On March 12, 1973, Huff and Roberts again made application for writs of habeas corpus which were issued that day. We also admitted the petitioners to bail.

We hold that the trial court could not correct the invalid order made February 19, 1973, or cure the absence of a warrant of commitment by amendment or order nunc pro tunc made on March 7, 1973, after our writs had issued and we had discharged the petitioners. What was said in Ex parte Neal, 507 S.W.2d 674, 680-681 (Mo.App.1974) is controlling here: “[10] It is true that an order nunc pro tunc functions in judicial proceedings to correct mutual mistakes of fact or clerical errors or misprision of the court clerk. But it can never be utilized to correct a judicial error. Ackley v. Ackley, 257 S.W.2d 401, 403 (Mo.App.1953) ; Wiseman v. Lehman, 464 S.W.2d 539, 542 (Mo.App.1971). . In Martin v. Superior Court, 199 Cal.App.2d 730, 18 Cal.Rptr. 773, the lower court found Martin to be in contempt . . On December 1, 1962, the court sentenced Martin to five days in jail and signed the order and commitment for contempt. Such order was defective . . On December 13, 1961, the court issued an amended Commitment The appellate court held that it was error to amend the defective commitment, and said, 18 Cal.Rptr. 1. c. 779: ‘If an order, which by statute is final and conclusive, can be amended and reamended to supply vital deficiencies therein, the feet of the litigant would be standing on quick-sand, without any idea when he could take effective proceedings to annul the order.’ In Application of Balucan, 44 Haw. 271, 353 P.2d 631 (1960), the trial court held a witness in contempt . . . . The original order of April 12 was amended the next day to conform to the statute which required the circumstances of the offense to be set out both in the judgment and the warrant of commitment.
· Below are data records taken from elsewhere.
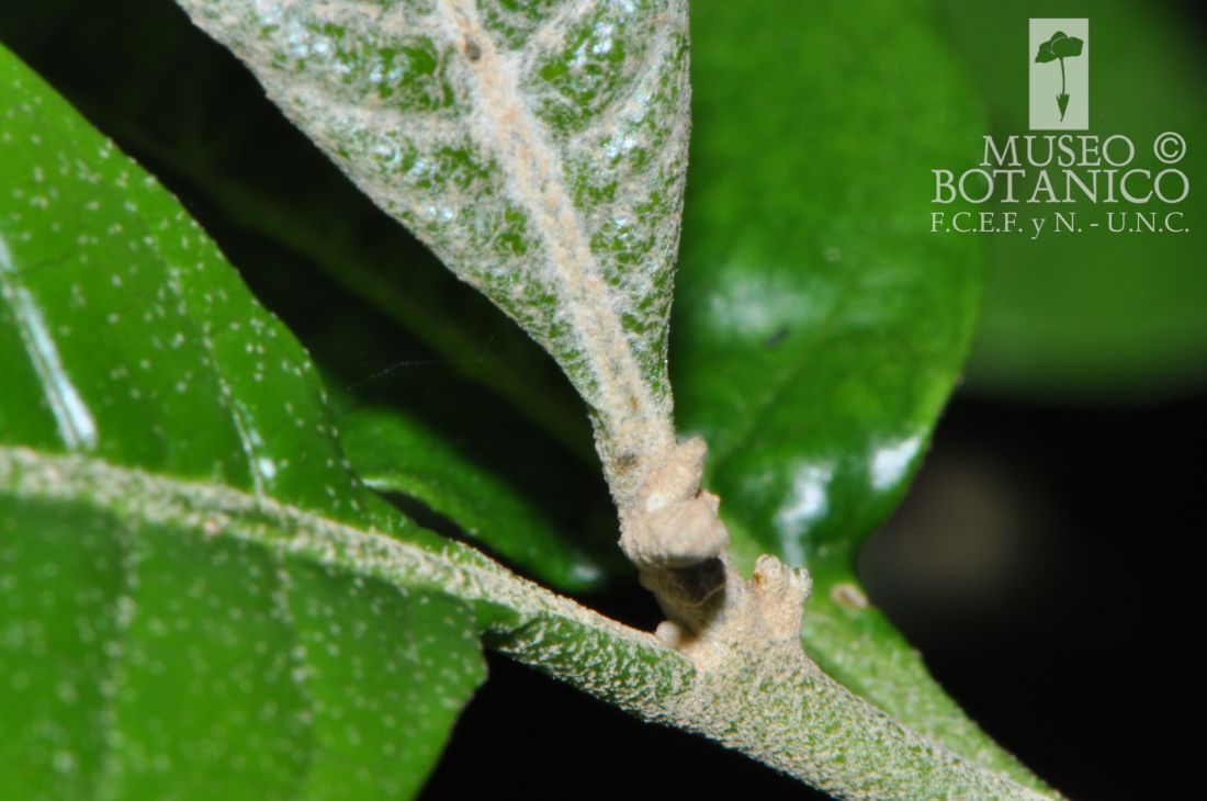 Arbustos o arbolitos de 1-10 m de alto; ramas y hojas jóvenes con pubescencia aracnoidea densa, que confieren textura afelpada, prontamente caducos; corteza de las ramas viejas castaño grisácea, con lenticelas blancuzcas. Unidades simpodiales 2-foliadas, geminadas. Hojas maduras con láminas elípticas, con el ancho máximo en la zona media, ápice y base agudos; epifilo glabro, generalmente abullonado, a veces con algunos tricomas aracnoideos en el nervio medio; hipofilo glabro o con algunos tricomas en los nervios principales; hojas mayores con pecíolos de (7-)10-15(-20) mm, láminas de 4-18(-30) × 2-11(-28) cm, nervios laterales 10-14 pares impresos en el hipofilo; hojas menores sólo difiriendo en tamaño, pecíolos de 3-10 mm, láminas de 3-9 × 1,5-5 cm. Inflorescencia opuesta a las hojas, (2-)5- 7(-15)-flora, glabra o con tricomas aracnoideos esparcidos, pedúnculo casi nulo. Pedicelos de 15-25 mm, delgados; cicatrices de los pedicelos muy próximas entre sí; cáliz acampanado, tubo de 1-2 mm, lóbulos anchamente deltoides, de 1-2 mm, obtusos, apiculados, glabros u ocasionalmente con algunos tricomas dendríticos; corola partida casi hasta la base, de (12-)15-16 (-22) mm de diámetro, blanca o blanco-verdosa, lóbulos anchamente lanceolados de 6-8 × 3-4 mm, planos en la antesis, con puntas y márgenes papilosos, externamente pilosos; filamentos con su porción libre ca. 0,5 mm, porción fusionada de 0,5-1 mm, anteras de 4-6 × 1-2 mm, dehiscentes por poros apicales en forma de gota; ovario glabro, estilo de 6-10 mm, glabro o con algunos tricomas, estigma levemente clavado, papiloso. Baya esférica u ovoide, de (8-)10-15 mm de diámetro y hasta 20 mm de largo, verde-grisácea en la madurez; pedicelo fructífero leñoso, reflexo, hasta de 2,5 cm; semillas reniformes, de 2,5-3,5 mm, castañas, finamente foveoladas.
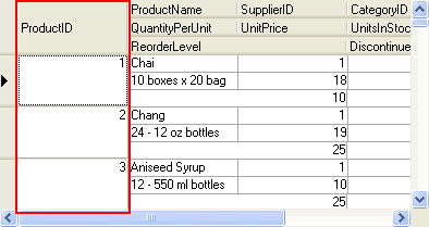 Note that you can also merge the left-most column. Setting the Merge property allows the left-most column to span the height of the row. For example in the image below, the ProductID column spans the row:
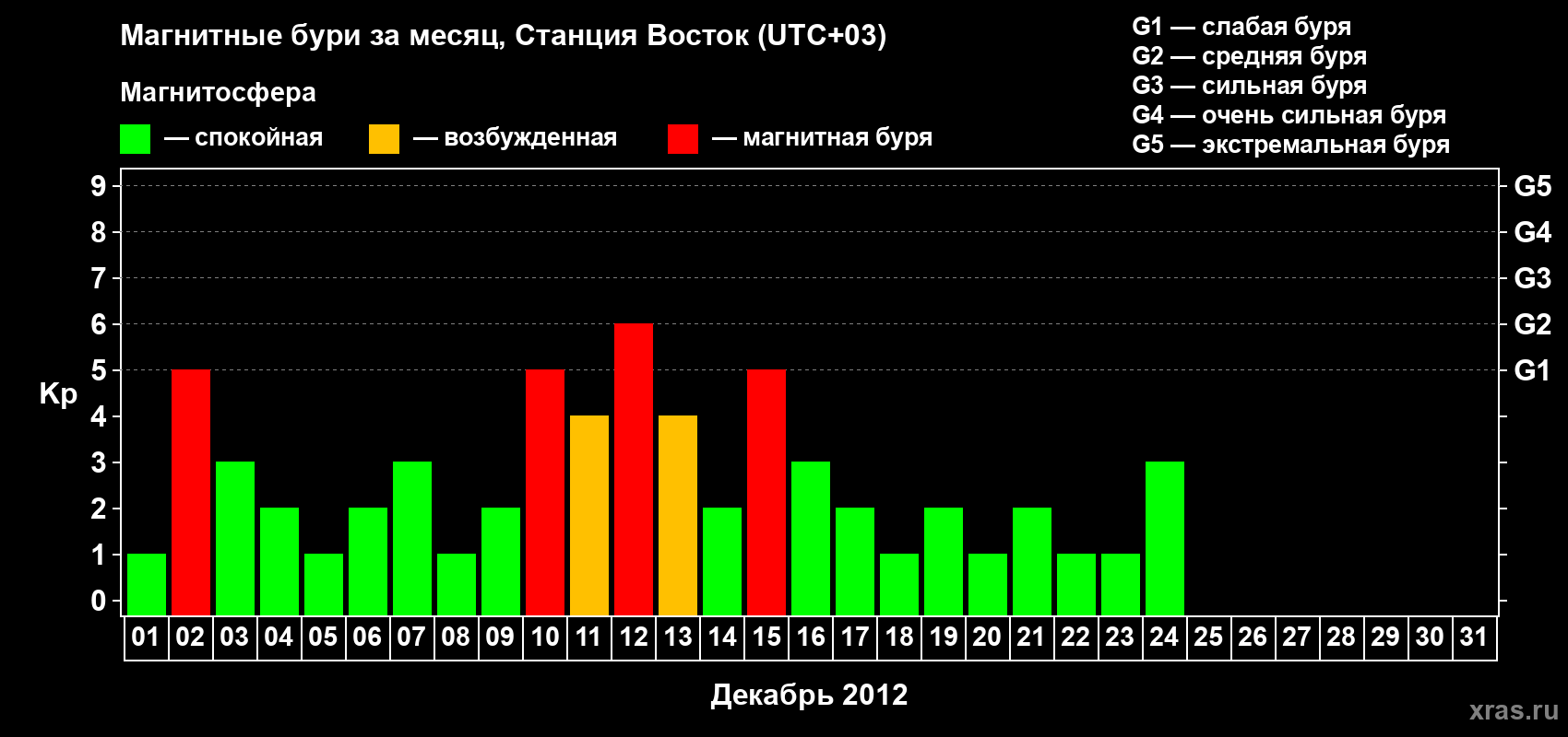 Магнитные бури локации Станция Восток в декабре 2012 года

In holding this to be error, the court said, 353 P.2d 1. c. 635: ‘We conclude that . . . the requirement that the circumstances of the contempt be set forth in the judgment and mittimus is jurisdictional. If the statute has not been complied with the petitioner cannot be held on the ground that the judgment can be corrected and a mittimus issued at a later date.’ . . . [11] The order of commitment in a criminal contempt case is by its very nature and purpose a judicial and not a clerical function and an order nunc pro tunc made . after the commitment and after our writ *781had issued is not legally justified on the basis that it was employed to correct a mere ‘clerical error’. . .

For the foregoing reasons, petitioners are discharged and their bail bonds filed herein are discharged and ordered returned.

All concur.

. The applications filed in this court show Mr. Huff’s given name to be spelled “Doris.”